From this experience with the gentleman at the community service drive, she decided not to go to law school but instead get her Ph.D. in political science at Ohio
State University, graduating in 2003.
She became passionate about shifting access to democracy, including voting rights, civic engagement and punishment, which shaped her career as an educator and community leader.
“This experience with this gentleman who I didn’t know, never saw again, stuck with me and I would bring it up like my classes on American politics or my classes on public opinion,” Brown-Dean said.
“Because the message was Black and brown people just don’t care about democracy. They don’t care about politics. And so they don’t vote. It’s because they don’t care. And it overlooks the fact that people have fought and died in this country for the ability to do that.”
From College Grad To Educator
This year marks Brown-Dean’s 20th year as a professor in political science and 12th year working at Quinnipiac. BrownDean said becoming a full professor has been a fantastic accomplishment in her career because only 4% of full professors are Black women, according to the National Center for Education Statistics.

Brown-Dean is only the fourth Black professor in Quinnipiac’s history to be a full professor.
“Being a part of Quinnipiac, for me, has also been an amazing opportunity to stretch and to grow, to learn,” Brown-Dean said. “A lot of my work, whether I was a professor here or now working as associate provost, has also been about connecting Quinnipiac to the broader communities … helping to create those connections because the same way I think in my life that we have an obligation to give to others, I think as an institution of higher learning as a community of learners, we have that obligation as well.”
In 2019, Brown-Dean published her book “Identity Politics in the United States.”
In this pioneering book, she provides an engaging discussion of forms of politicized identity concerning citizenship and democracy in the U.S., such as issues on race, ethnicity, gender, sexuality and religion, making sense of the current political divisions in the U.S. In addition, the book allows the reader to understand the problems within the realm of identity politics, leading a pathway to a potential solution.
“At my core, I’m an educator,” BrownDean said. “But being an educator doesn’t mean that I think I have all the information or all the answers. My belief is, we’re all here to learn. And we’re all here to teach.
I’m a political nerd. I’m fascinated by all of it … what I argue in the book is that the very founding of this country is about identity … I wanted to sort of deconstruct public debate. Still, I also wanted us to think about a path forward. We can complain, we can disagree, but then what? And so I wanted that historical context, the current political space, policy space, to think about what meaningful democracy looks like.”

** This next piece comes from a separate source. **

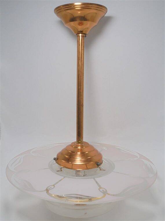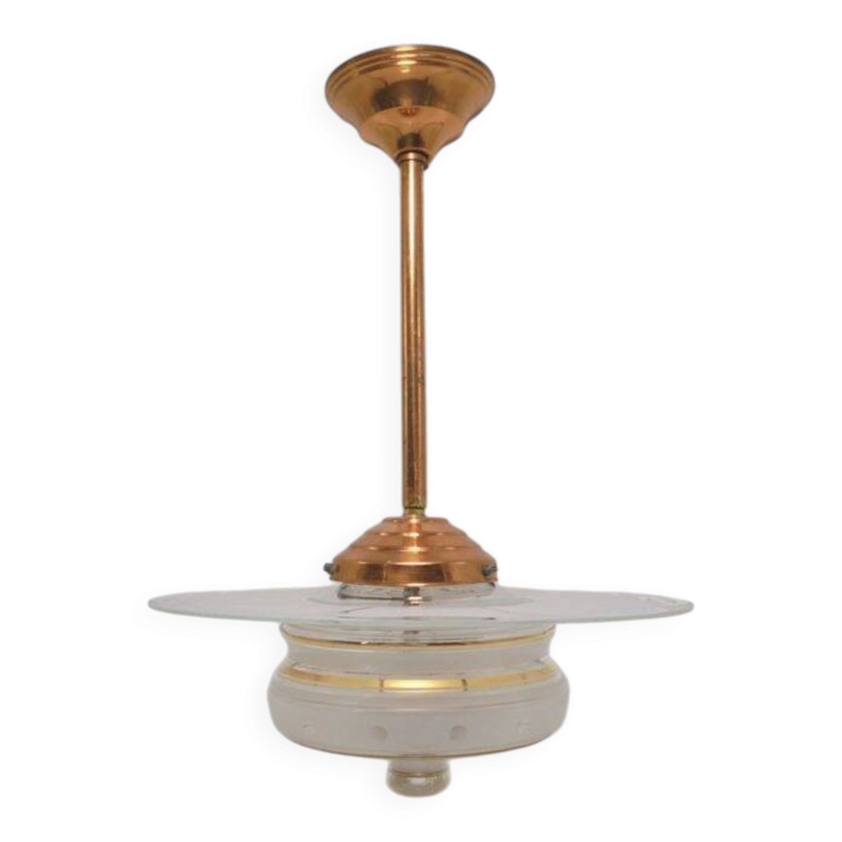 Lustre vintage.Composé d'un globe en verre,D'un plateau circulaire en verre qui se pose simplement sur le globe, le tout sur une tige cuivrée.Douille b22.Hauteur: 46 cm.Largeur: 35 cm.Poids: 1.450 kg.
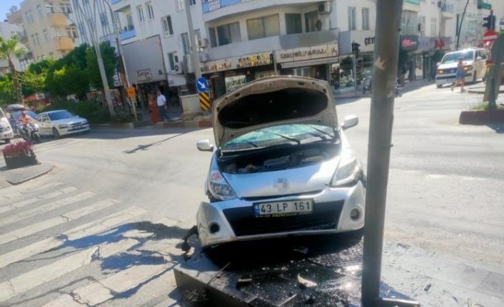 Kaldırıma çıkan otomobil metal dubayı yıktıktan sonra trafik lambasının direğine çarptıktan sonra durabildi. O anlar güvenlik kameralarına yansıdı.

Leaving A Meaningful Legacy
Brown-Dean hopes that her legacy is that she created opportunities and affirmed other people in the community. Her ambition lies not in her future job opportunities or the titles she earns but in how she made people feel and helped create something more significant than any of us with her commitment to the community.

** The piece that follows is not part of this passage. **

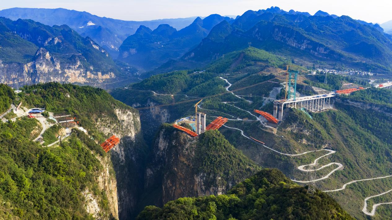 面对复杂地形、高空作业、高精度施工等多重考验,项目团队科学统筹、精准施策,不断优化、细化施工方案,加大资源设备投入。在主拱圈吊装施工中,采用全套智能监控系统和北斗定位系统,实现施工过程主动纠偏、自动化监测预警,为高空作业全方位安全护航。同时,不断强化现场质量安全管控,严把材料和工艺关,全面落实作业人员安全技术交底,常态化开展日常隐患排查与全过程施工监管,多措并举保障大桥建设平稳有序推进。
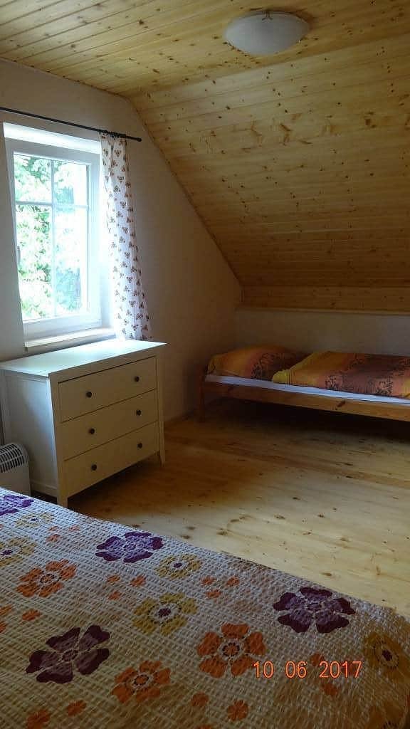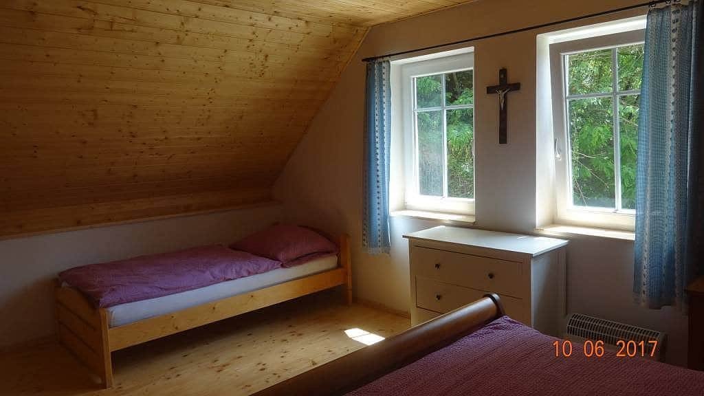 Ložnice č. 2: Kapacita 4 osoby (manželská postel + dvě samostatná lůžka).

“When I come to the end of my journey,” Brown-Dean said. “Whenever that comes, however, it comes. I want to be able to look back and say, ‘I made the most of every opportunity I had’ and ‘I learned from people that I was around and helped people feel connected and engaged and I helped us to understand not just to see each other, but understand and appreciate each other.’ That’s the connection for me, the people who poured into me and those I helped and supported.”